Is an Effective Treatment for Hereditary and Sporadic Papillary Kidney Cancer at Hand?

Hereditary leiomyomatosis and renal cell cancer (HLRCC) is a hereditary condition caused by germline mutations in the fumarate hydratase gene, which increase the risk for an aggressive papillary renal cell cancer that lacks effective therapy. In preclinical studies using HLRCC models, blockade of both vascular endothelial growth factor (VEGF) receptor and epidermal growth factor receptor (EGFR) provided significant antitumor activity. Now, investigators have conducted an open-label, phase II trial of the combination of the VEGFA blocker bevacizumab and the EGFR blocker erlotinib in 40 patients with sporadic papillary renal cell carcinoma and 43 patients with HLRCC-associated papillary renal cell carcinoma. The primary end point was overall response rate.

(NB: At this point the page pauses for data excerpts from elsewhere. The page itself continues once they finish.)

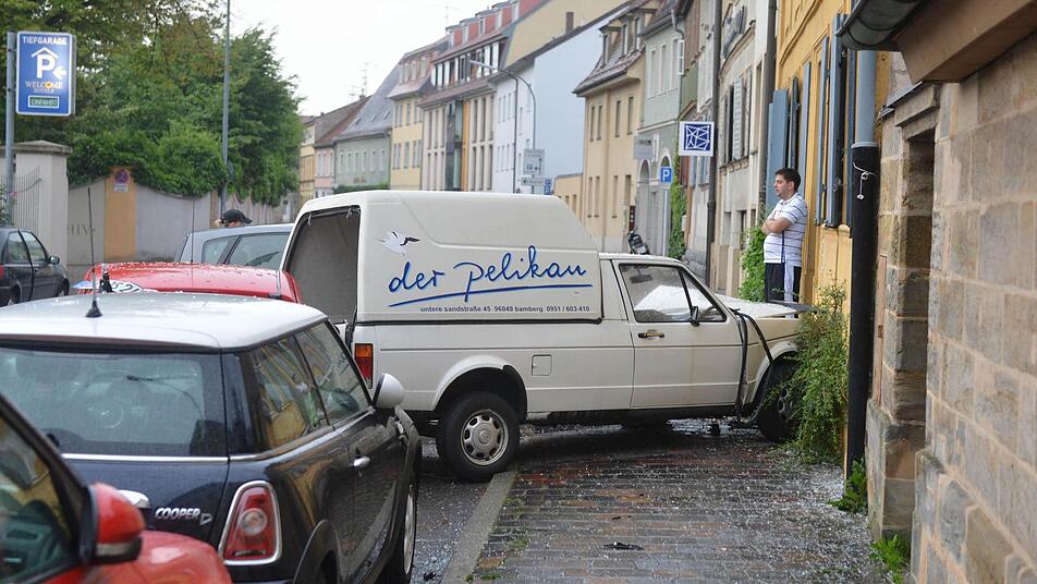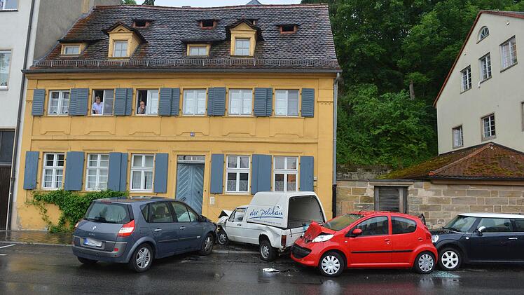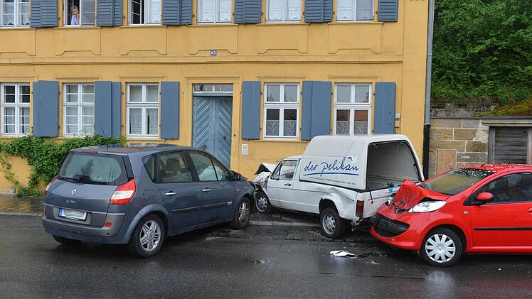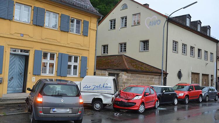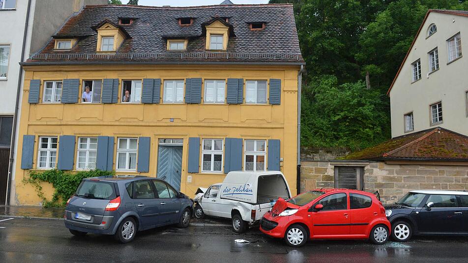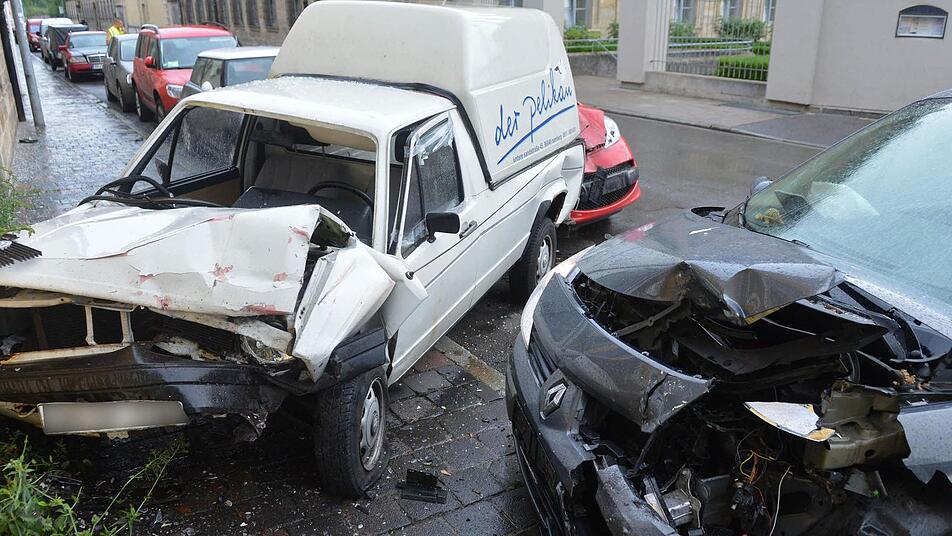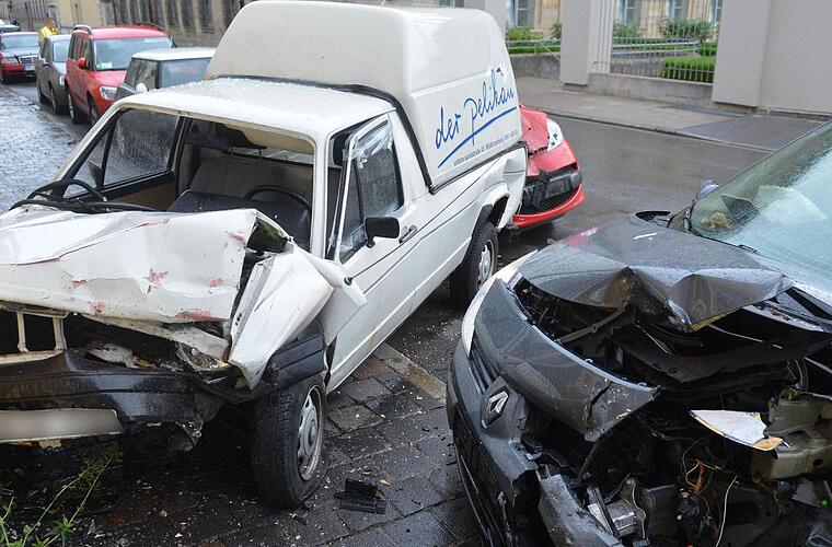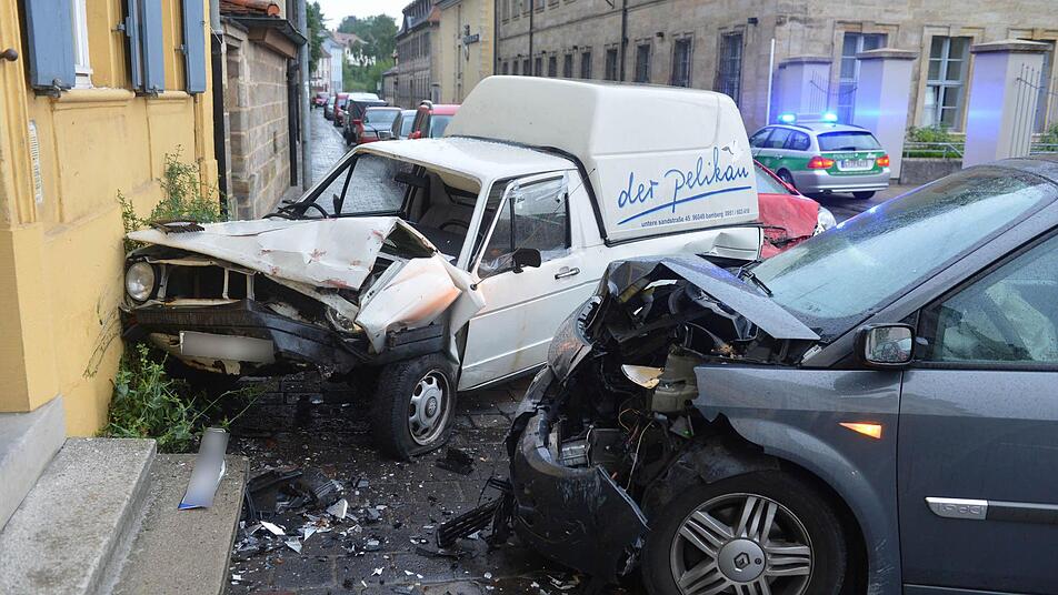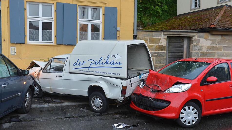 In der Unteren Sandstraße in Bamberg rammte am frühen Samstagmorgen eine Autofahrerin einen Transporter. Durch die Wucht des Aufpralls schob dieser drei weitere Pkw zusammen und gegen eine Hauswand.
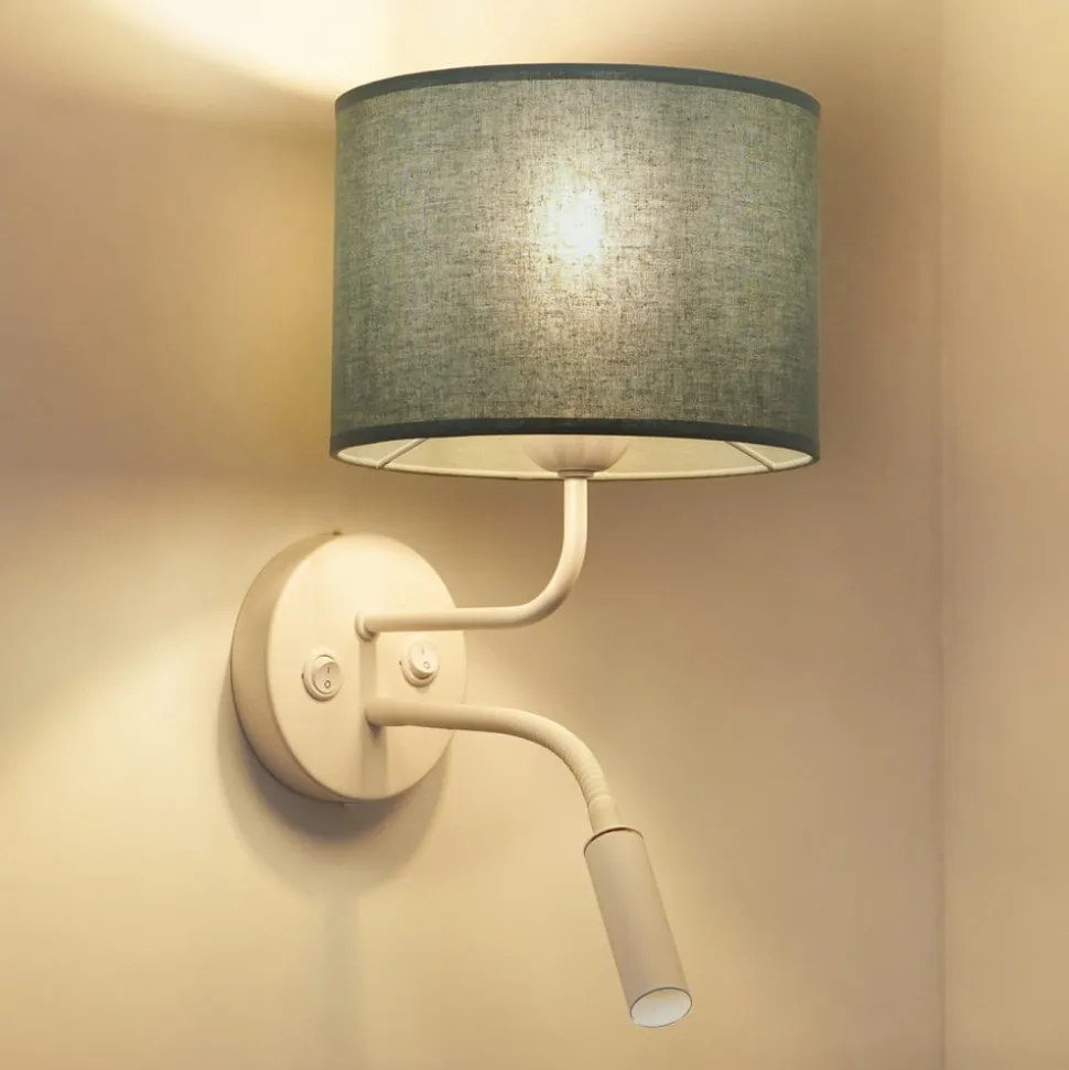 Væglampe med rulle, stof, hvid/sage, læselampe
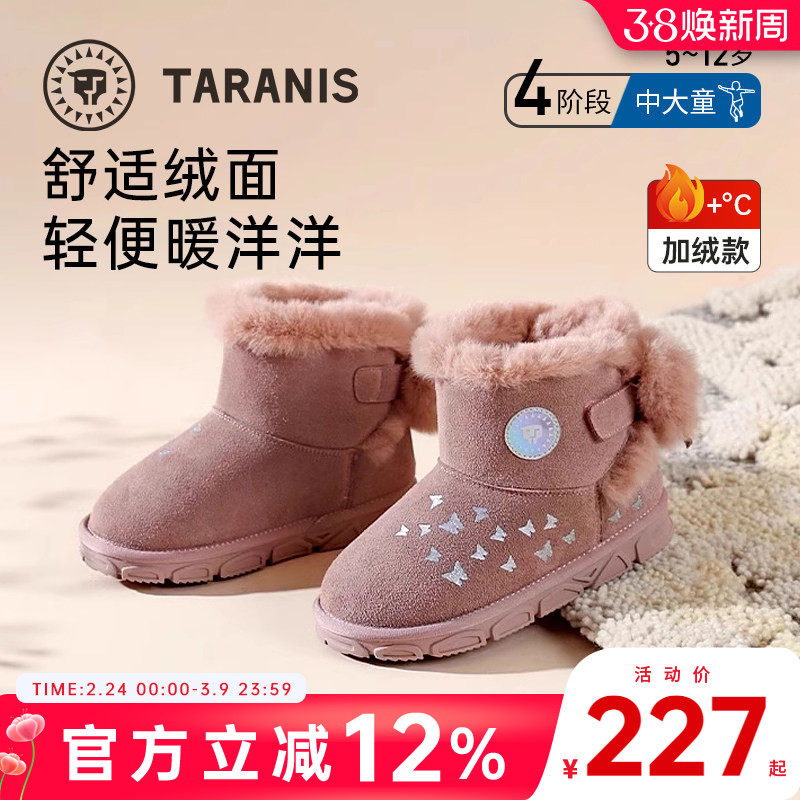 泰兰尼斯冬季新款女宝雪地靴软底加绒女童儿童鞋子保暖中大童棉靴
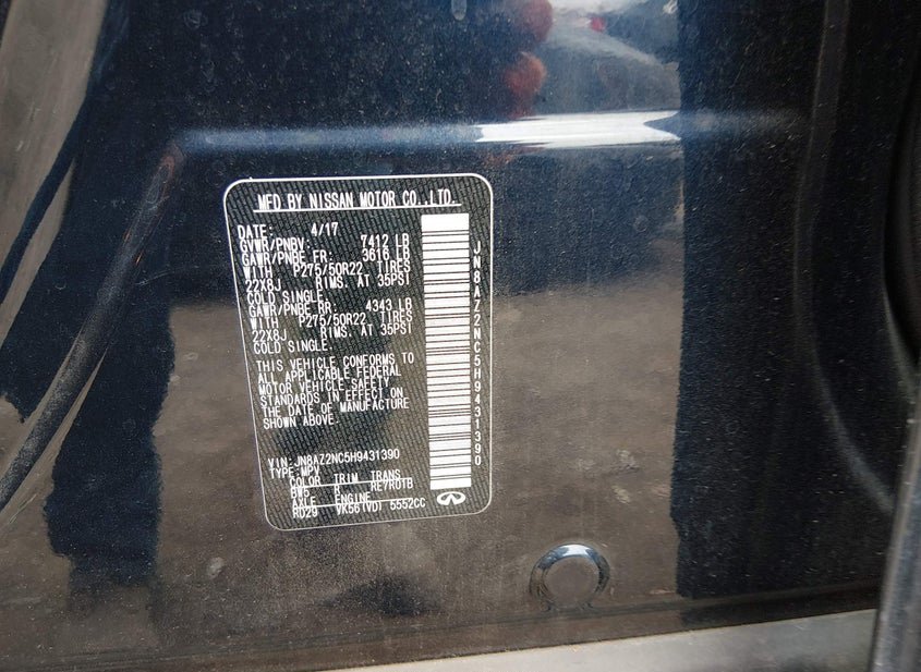 - VIN: JN8AZ2NC5H9431390

Patients with HLRCC had a median age of 43 years compared with 56 years in the sporadic arm. Approximately one third of all patients had received at least one prior line of therapy. During a median follow-up of 72 months in the HLRCC group and 64 months in the sporadic-carcinoma group, the overall response rate was 72% (including 2 with complete response) in the HLRCC group and 35% in the sporadic-carcinoma group. In the HLRCC group, the median progression-free survival was 21.1 months, 15 patients continued therapy for more than 2 years, and the median overall survival was 44.6 months. Adverse events were consistent with the side effect profile of these two agents: Rash, diarrhea, and proteinuria were most common.